_About this task_
Write out exactly the lines from the one containing "When the buzzer" through the last line of the records below, both included, and leave out any pictures.

Data excerpts
= = = =

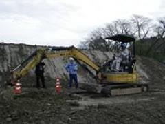 体験セミナーの内容は、(1)生コン品質管理、(2)センター杭設置、(3)床掘作業で各40分程度実施しました。
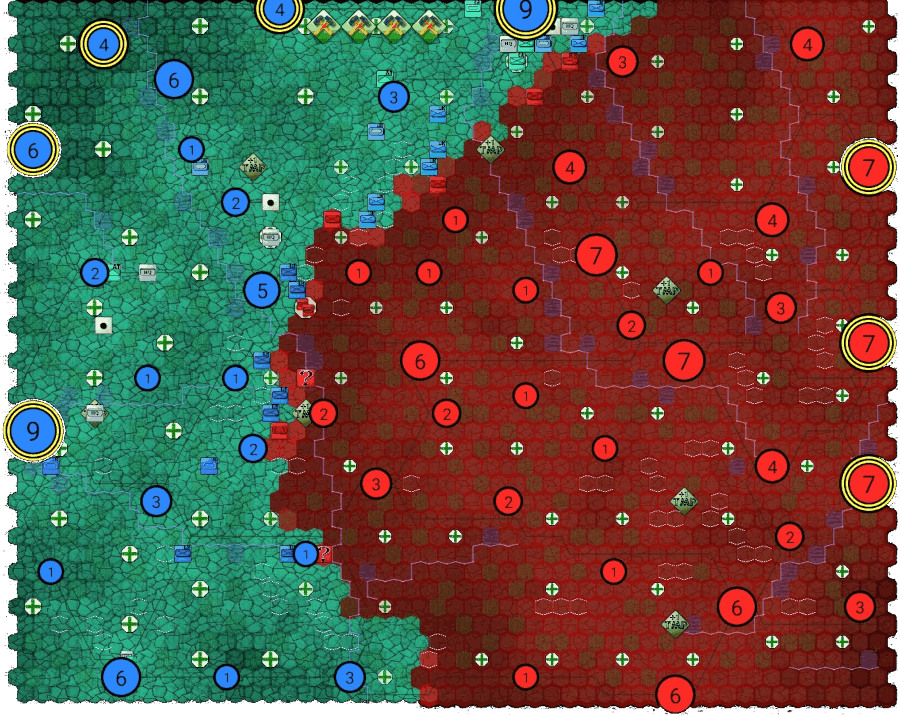 — Several Germans units had suffered heavy losses during the two months of fighting prior to Falaise operations, this is factored in as a lower German replacements, some lost HPs, and overall weaker German units.
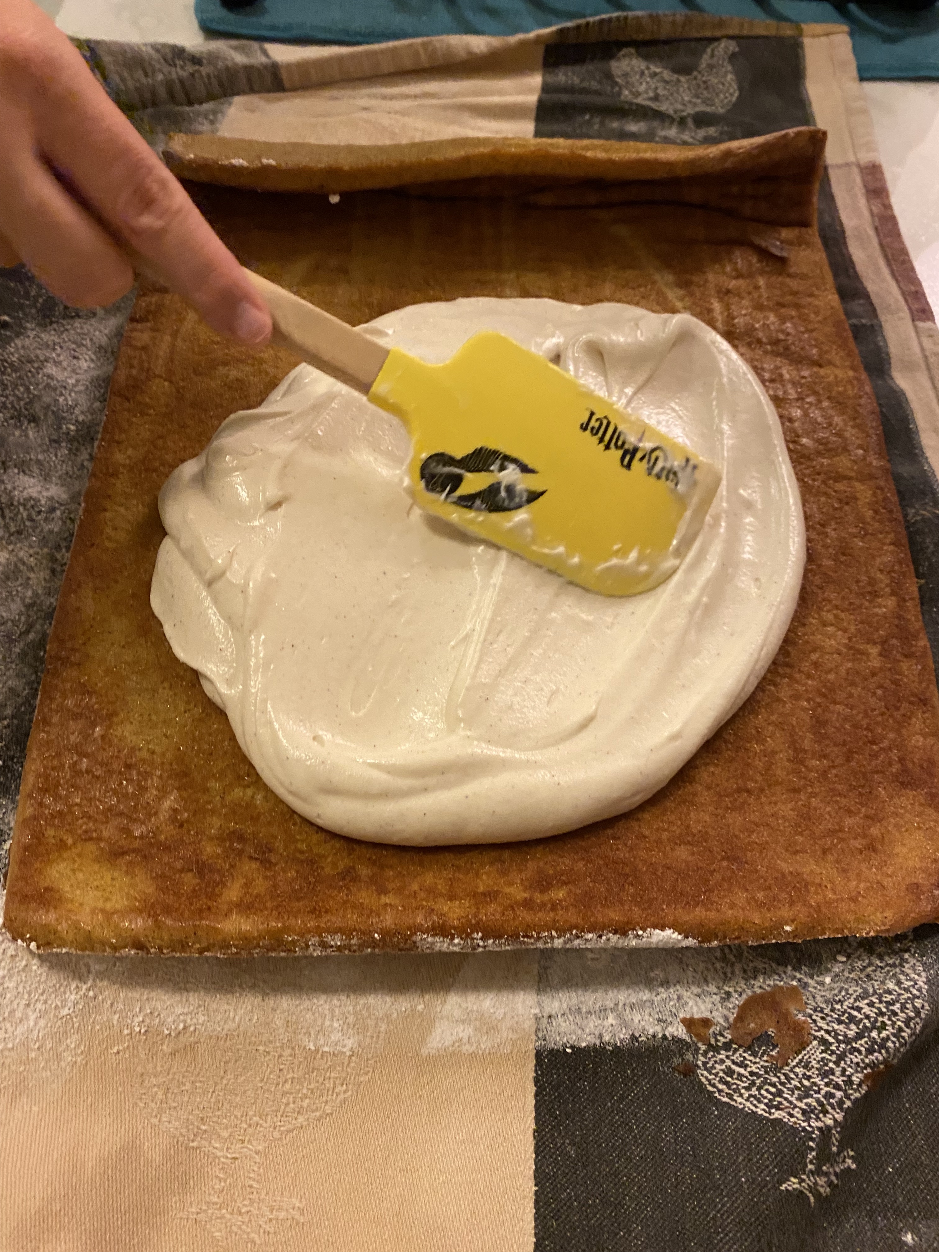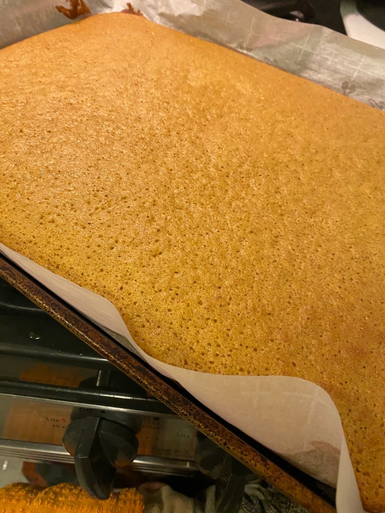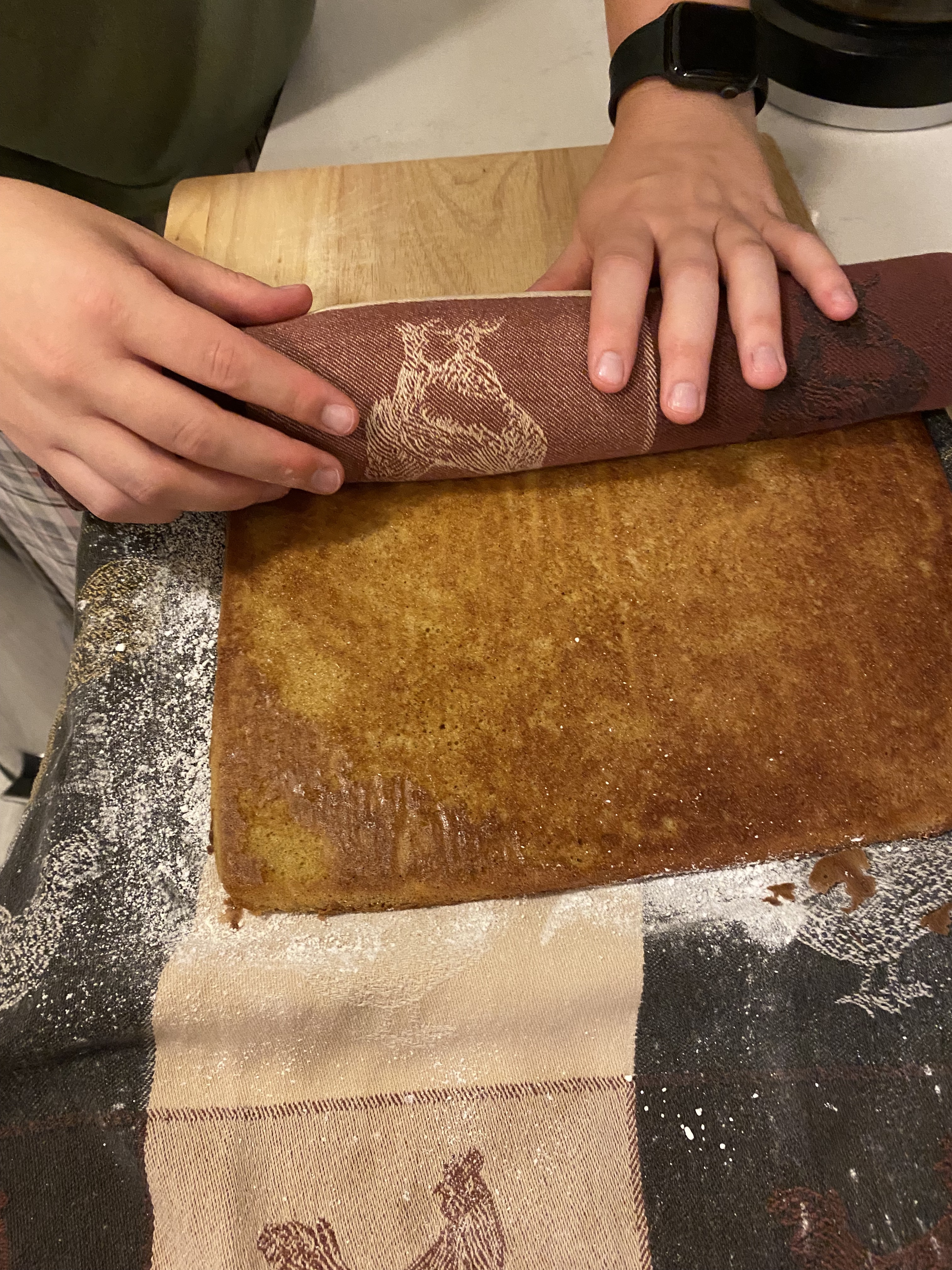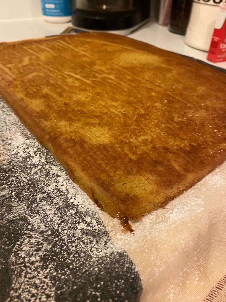 When the buzzer went off, I took the cake out and used a knife to scrape the edges of the cake loose from the edges of the pan. The most nerve-wracking portion of this bake was flipping the cake onto the towel. I didn’t want it to crack or break or fall to the floor. With Pete’s help and support, I quickly flipped the cake out of the sheet pan. The crucial part of this recipe was making sure to roll it up while it was hot. I slowly moved the short side of the cake towards the other side and then let it rest for two hours with the seam side down.
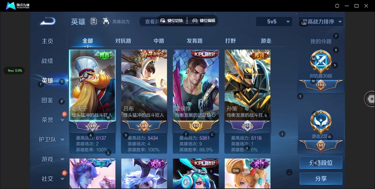 - PX_2089015- 可二次 V8 贵族积分59245 安卓QQ/222皮肤/125英雄/0典藏/0珍品无双/0无双/3珍品传说/20传说/70史诗/9稀有英雄 游走42段 历史( 省标廉颇 ) 【3 珍品传说】,酷洛米之心 安琪拉,大耳狗之梦 瑶,兔狲·蓬尾 张飞, 【20 传说皮肤】,胖达荣荣 梦奇,启明星使 虞姬,逐花归海 澜,电玩·雷克斯 澜,无双飞将 马超,浮生妄 夏洛特,落雪白狼
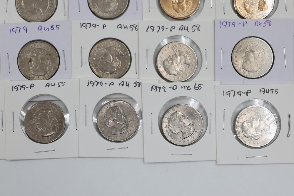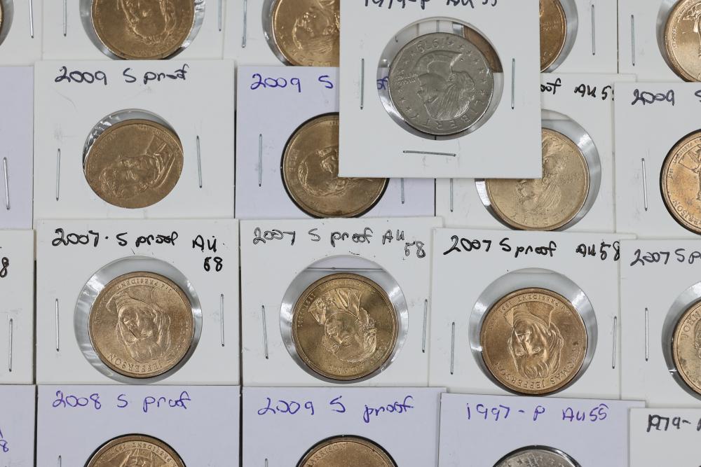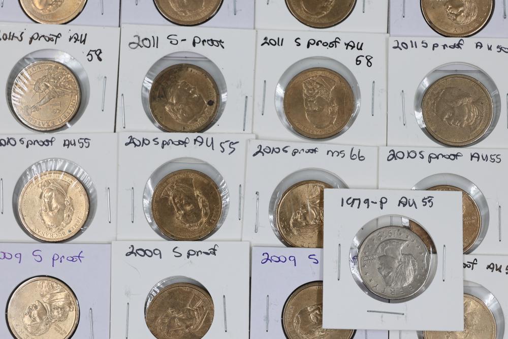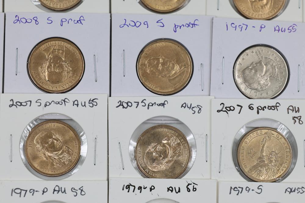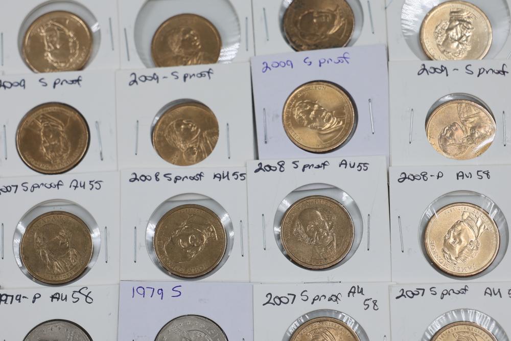 U.S. $1 Commemorative Presidential and SU.S.an B. Anthony Coins from years such as 1979, 2007, 2008, 2009, 2010, and 2011. 90 coins in total.

= = = =

_Answer for this exercise_
 When the buzzer went off, I took the cake out and used a knife to scrape the edges of the cake loose from the edges of the pan. The most nerve-wracking portion of this bake was flipping the cake onto the towel. I didn’t want it to crack or break or fall to the floor. With Pete’s help and support, I quickly flipped the cake out of the sheet pan. The crucial part of this recipe was making sure to roll it up while it was hot. I slowly moved the short side of the cake towards the other side and then let it rest for two hours with the seam side down.
 - PX_2089015- 可二次 V8 贵族积分59245 安卓QQ/222皮肤/125英雄/0典藏/0珍品无双/0无双/3珍品传说/20传说/70史诗/9稀有英雄 游走42段 历史( 省标廉颇 ) 【3 珍品传说】,酷洛米之心 安琪拉,大耳狗之梦 瑶,兔狲·蓬尾 张飞, 【20 传说皮肤】,胖达荣荣 梦奇,启明星使 虞姬,逐花归海 澜,电玩·雷克斯 澜,无双飞将 马超,浮生妄 夏洛特,落雪白狼
 U.S. $1 Commemorative Presidential and SU.S.an B. Anthony Coins from years such as 1979, 2007, 2008, 2009, 2010, and 2011. 90 coins in total.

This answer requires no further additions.